#### EXTRACTED MATERIAL ####

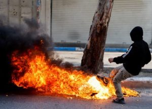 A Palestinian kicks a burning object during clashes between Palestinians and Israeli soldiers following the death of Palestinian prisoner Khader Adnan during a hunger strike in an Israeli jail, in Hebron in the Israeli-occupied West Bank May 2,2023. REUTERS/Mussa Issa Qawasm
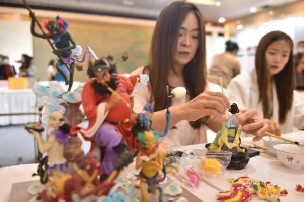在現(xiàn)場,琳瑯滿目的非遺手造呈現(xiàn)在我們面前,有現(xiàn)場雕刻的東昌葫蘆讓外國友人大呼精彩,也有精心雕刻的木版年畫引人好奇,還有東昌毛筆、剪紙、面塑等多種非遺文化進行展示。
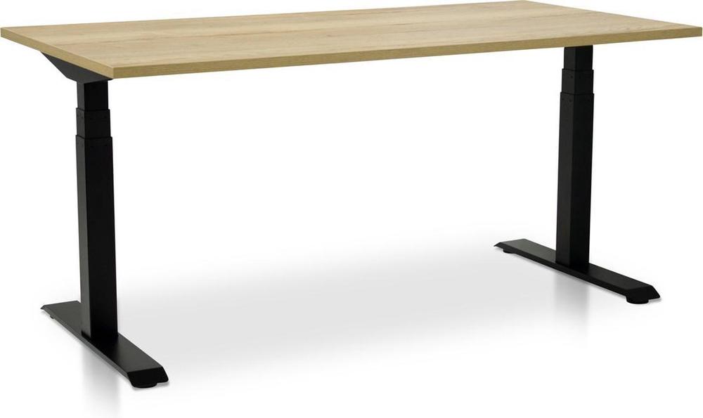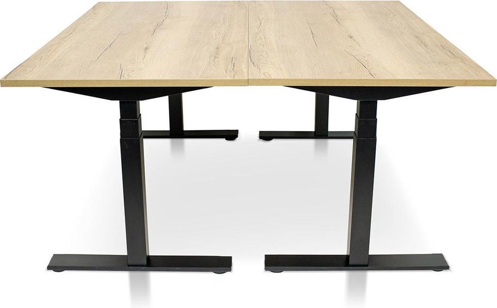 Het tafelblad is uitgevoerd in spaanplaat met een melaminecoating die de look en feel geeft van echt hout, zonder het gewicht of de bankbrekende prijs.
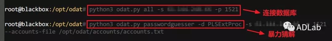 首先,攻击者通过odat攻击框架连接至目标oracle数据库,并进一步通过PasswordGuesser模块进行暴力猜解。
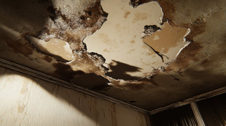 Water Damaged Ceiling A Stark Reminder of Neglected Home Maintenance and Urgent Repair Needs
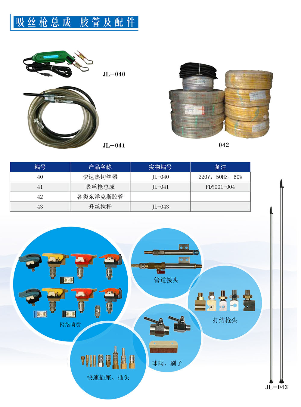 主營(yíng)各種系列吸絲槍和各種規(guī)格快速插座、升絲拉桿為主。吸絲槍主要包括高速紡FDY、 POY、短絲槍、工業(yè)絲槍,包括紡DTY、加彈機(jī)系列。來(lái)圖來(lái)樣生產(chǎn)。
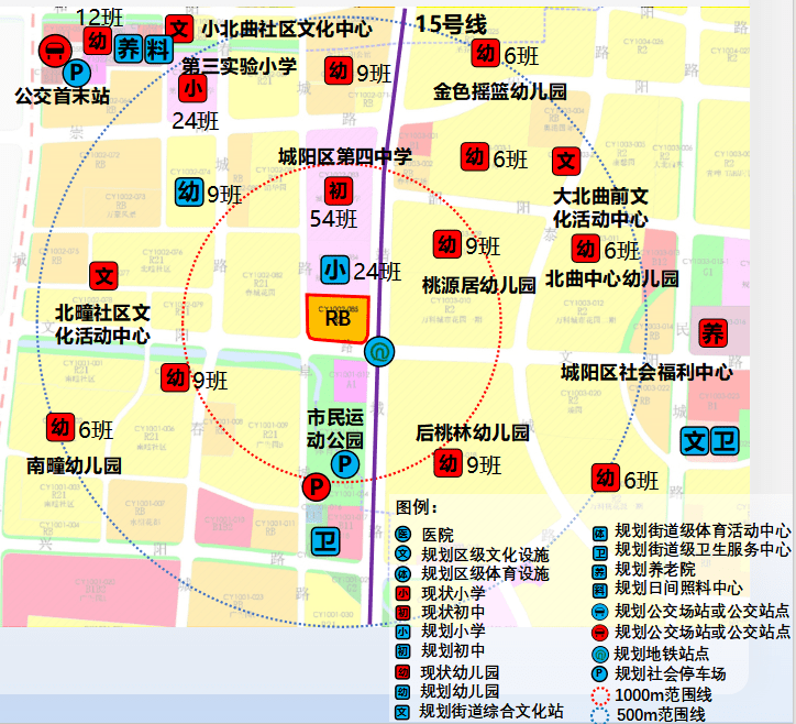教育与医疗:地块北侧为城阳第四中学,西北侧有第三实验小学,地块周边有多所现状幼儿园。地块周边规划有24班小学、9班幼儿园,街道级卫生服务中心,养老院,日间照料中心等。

####

* [TRY IT]:
No picture belongs in the copy. Print every entry above exactly as it stands.

* [EXPECTED OUTPUT]:
 A Palestinian kicks a burning object during clashes between Palestinians and Israeli soldiers following the death of Palestinian prisoner Khader Adnan during a hunger strike in an Israeli jail, in Hebron in the Israeli-occupied West Bank May 2,2023. REUTERS/Mussa Issa Qawasm
在現(xiàn)場,琳瑯滿目的非遺手造呈現(xiàn)在我們面前,有現(xiàn)場雕刻的東昌葫蘆讓外國友人大呼精彩,也有精心雕刻的木版年畫引人好奇,還有東昌毛筆、剪紙、面塑等多種非遺文化進行展示。
 Het tafelblad is uitgevoerd in spaanplaat met een melaminecoating die de look en feel geeft van echt hout, zonder het gewicht of de bankbrekende prijs.
 首先,攻击者通过odat攻击框架连接至目标oracle数据库,并进一步通过PasswordGuesser模块进行暴力猜解。
 Water Damaged Ceiling A Stark Reminder of Neglected Home Maintenance and Urgent Repair Needs
 主營(yíng)各種系列吸絲槍和各種規(guī)格快速插座、升絲拉桿為主。吸絲槍主要包括高速紡FDY、 POY、短絲槍、工業(yè)絲槍,包括紡DTY、加彈機(jī)系列。來(lái)圖來(lái)樣生產(chǎn)。
教育与医疗:地块北侧为城阳第四中学,西北侧有第三实验小学,地块周边有多所现状幼儿园。地块周边规划有24班小学、9班幼儿园,街道级卫生服务中心,养老院,日间照料中心等。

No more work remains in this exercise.